Sunday, January 22, 2012
Unfortunately, stories like this are not uncommon in America. There are however, two very different responses from liberalism and conservatism, our prevailing political party ideologies. These responses can be broken into two elements: the behavioral narrative, and social action.
In the liberal response, the behavioral narrative is that the family is victim of social dysfunction that has limited their capacity to turn their lives around. Without outside help, their dysfunction will only be compounded, their problems leading to even greater net harm to themselves and society. Though opportunity may exist, the family is so behaviorally challenged that it is almost impossible for them to avail themselves of it. They literally cannot see the correct normative path that would lead to success, mired as they are in a variety of cognitive challenges.
In the conservative behavioral narrative, the family has indeed lost its way, but is responsible for its own recovery. It assumes that it is within the family's power to reverse its course without outside help, and that any ongoing failure to do so is a choice that the family has consciously made. Many opportunities that exist in society and culture, and all that is necessary is for the family to embrace that opportunity and follow existing social norms that lead to success. They do in fact possess the adequate cognition to make the correct choices, and thus their failure to do so represents a lack of personal responsibility.

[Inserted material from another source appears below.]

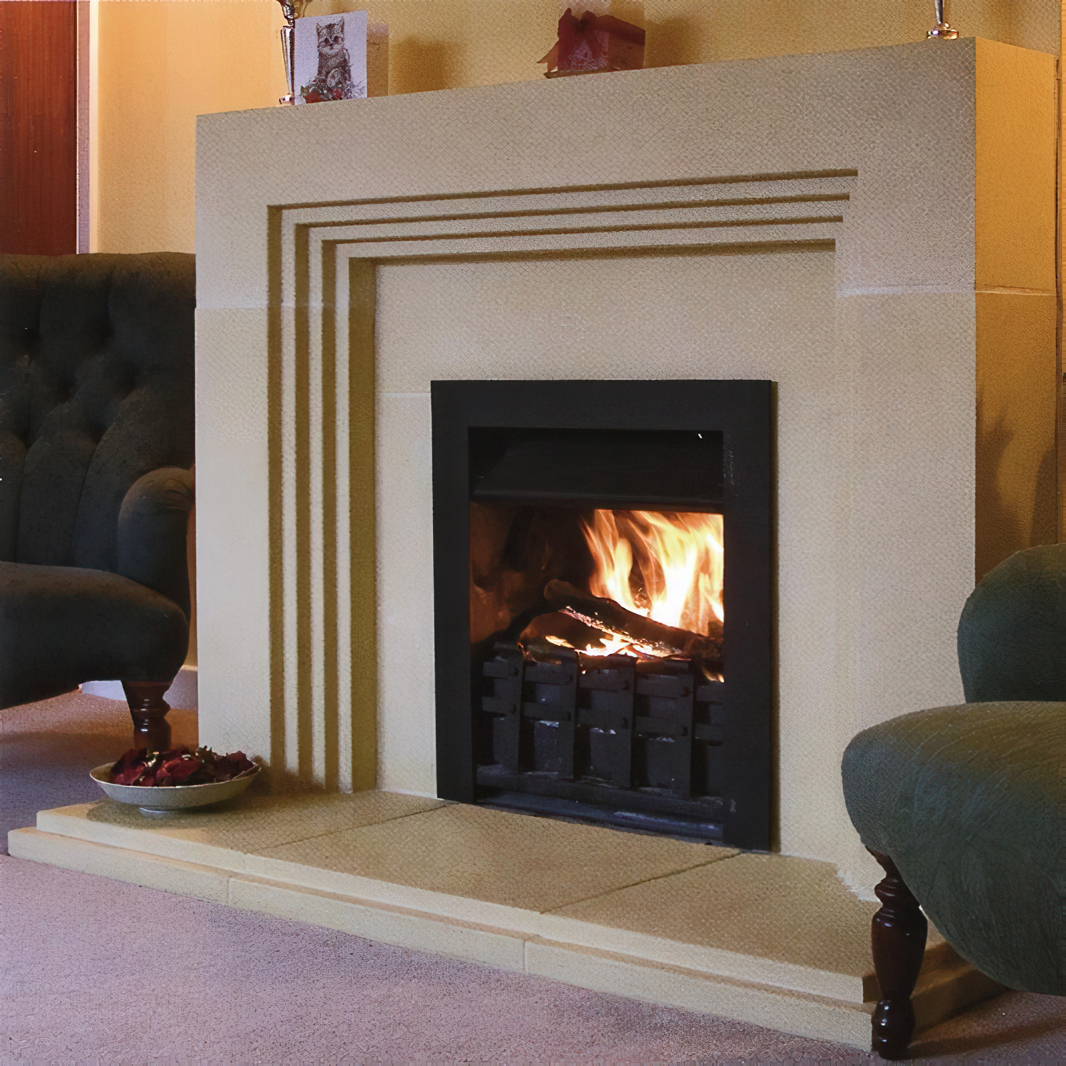 Klassische Kamineinfassung aus Stein - Osbald House / Sand
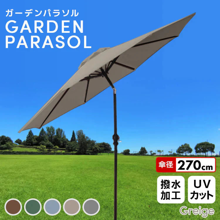 【グレージュ】ガーデンパラソル 270cm 傾く パラソル アルミ 傾くパラソル UVカット チルト機能 ビーチパラソル 傘 ガーデン ガーデニング カーデンファニチャー 庭 テラス ビーチ キャンプ 日傘 折りたたみ 日よけ

Both liberals and conservatives take a position on social action that follows directly from their behavioral narrative.
The liberal social action response is predicated on a sense of inclusive social culpability for the plight of the family: by its structure, society has participated in the systematic creation of the family's problems. Implicit is a larger assumption that current social and economic norms are unjust, and inevitably lead to such "underclass" families. Because of the behavioral narrative of limited cognition, liberals see government intervention as
the only way to guarantee equal opportunity.
The conservative social action response is predicated on an exclusive culpability for the plight of the family: the family is solely responsible for their own plight, except for the extent to which it has been lead astray from a particular set of right-minded norms and values exclusively by a liberal culture which promotes values counter to traditions such as church, patriarchy, and obedience to time-honored norms. Conservatives tend to be quite charitable towards the down-trodden, but only if they can be sure that certain cultural and religious tests have been met by the recipients of their largess. They are highly skeptical and resentful of broad governmental programs which they cannot be confident are not administering aid to those not worthy of it, or in other words have not made the requisite religious transformation. By approving only of private (religious) charity, they can be sure their donations are spent with exclusivity. Furthermore, the claim is often made that government aid is not only wasted on the unworthy, but actively promotes a culture of dependency and irresponsibility.
If you'll notice, there seems to be some odd incoherence between the conservative behavioral narrative, which eschews gracious social determinism in favor of get-tough contra-causal free will, and their social action response, which mixes tough-love with protestations against just the sort of social determinism it denies exists. My guess is that this paradox is rooted in a deep schism between the biblical commandment to be humble, charitable, compassionate and giving, and the desire to see behavior as black and white, where cognition is freely available to all, especially in the sort of free-market utopia they like to envision America as, where meritocracy really does reign, and people's value is truly self-determined. How can it be, one might ask, that this struggling family can be both personally responsible - personally accountable - for their own situation, yet be simultaneously at the mercy of an unrighteous path, their existence bent not only by the evils of secular liberalism, but then caught in a web of nanny-state learned dependency.
The science of behavior has existed for well over a century now, and social learning theory is a simple fact. While the debate over free will still burns, with most scientists and philosophers who study it finding it ultimately rather nonsensical, the idea that a poor, dysfunctional family can be examined outside the context of social learning, with a cognition capable of understanding and dealing objectively with its circumstance, is nothing if not preposterous. Yet such is the state of discourse and political ideology in contemporary America.
In many ways, with respect to human development and behavior, certainly with respect to our scientific understanding of why people do the things they do, and why society continues to struggle with problems such as poverty and dysfunction, conservatism is in a state of deep denial. As with most forms of denial, taking it head on is often not the most effective tactic. More knowledge can actually often only entrench it further. Yet it is my belief that denial of behavioral and social determinism is at the root of our contemporary political drama.